What emotion does Zero Trust Architecture invoke when you hear the phrase? Do you throw your hands up in the air in resignation or are you confident you have implemented an effective solution and walked away? If you fall into the latter category, it is important for you to understand the premise of the Zero Trust Architecture (ZTA). According to the National Institute of Standards and Technology (NIST) in Special Publication 800-207, “Implementing a ZTA is a journey rather than a wholesale replacement of infrastructure or processes.” So even when you have designed and built out your infrastructure, you are never really finished.
The industry has been talking about Zero Trust for almost two decades. Gone are the days of the castle and moat designs, where your entire network was isolated and segmented. Today we have gone from hybrid-cloud to multi-cloud, multi-application, and users all over the world. The traditional architecture and network perimeter are long gone brought on by BYOD, cloud and now the explosion of remote workers.

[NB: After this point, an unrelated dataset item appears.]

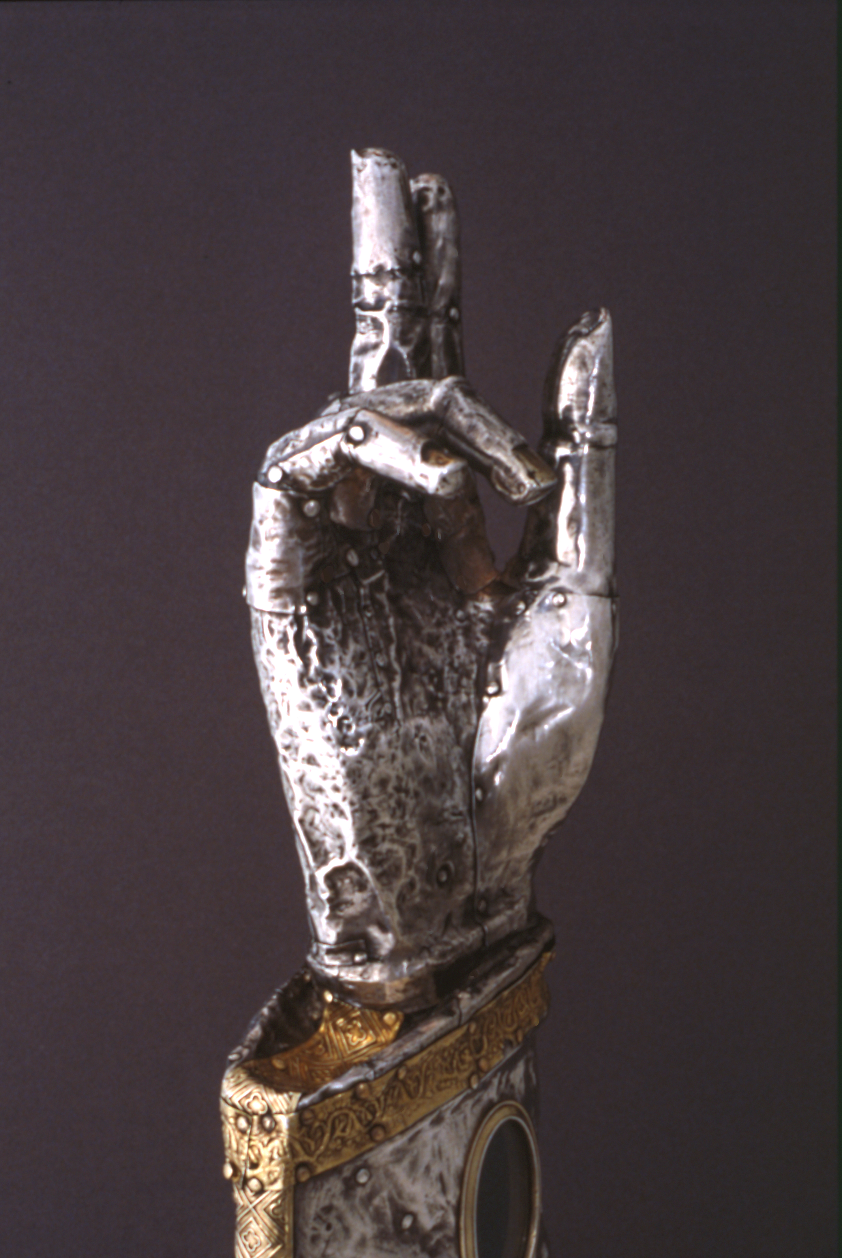Bras-reliquaire : la main vue de trois-quarts, du côté de la paume (état en 1990)Immatriculation

And while ZT is an ongoing journey, there are seven key steps you can take to lay the right foundation for supporting a zero-trust model.
Below is a visual representation of the steps reqired taken from the NIST guide. Not all are covered in detail.
Here are 7 keys to getting to successfully implement Zero Trust Architectures:
So, what do you need to do to get started? When people talk about Zero Trust, they are usually relaying a concept, but where do you need to start? You must have 100% control of a few core components but the most important are users and devices. Another critical component after you have robust controls around users and devices will be the Access Proxy. Access Proxies will be covered in a follow-up article.
Identity is a core component and organizations must have control over in today’s climate. Do your users have shared responsibilities and shared log-on’s? Do you allow generic logons to ease user management? This practice must be eliminated. Every user must have a unique identity assigned. When users need common access, they should be placed in groups by job functions and or responsibilities. This practice is the first step in managing identity.
Do you have a complete inventory of all devices in your network and assigned to your users? Are these devices managed and kept up to date? This is a core tenant to Zero Trust. Every device should be evaluated prior to authorizing access and continually monitored throughout the user’s application access session for changes to the baseline configuration.
The Access Proxy must be able to validate users and devices. Consistently apply and enforce policies throughout all access sessions and terminate access if any user or devices falls outside of policy during the access session. The key use case is the ability to stand up the same access policies in front of all applications (legacy and modern) and leverage the innovation happening in the cloud with IDaaS providers (SSO, MFA, etc).
One of the core concepts of Zero Trust security is the principle of least privilege. Depending on their role, users are only granted access to files and applications they need, without getting access to any other information or systems beyond what is required.
The adoption and near universal implementation of encryption has taken place for ensuring data privacy and security. However, the lack of visibility has hindered organizations to effectively monitor and control data. Some situations require that this encryption not be tampered with, i.e., financial and healthcare data. Without visibility, intelligent decisions cannot be made and applied on encrypted traffic. One must inspect this encrypted traffic to ensure compliance with policies and control measures are being met. Organizations must walk a tightrope between confidentiality and visibility.
Finally, it is important to monitor and manage user behavior. You must monitor the initial posture of user devices and any changes that may occur during the user session. In addition, you need to continuously monitor and adjust access policy based upon changes to any of these parameters. No longer is it appropriate to evaluate these parameters on the initial login and then allow un-fettered access, like traditional VPN’s have done.
Now that I have detailed what I feel are the keys for implementing a Zero Trust Architecture it is time to start the journey.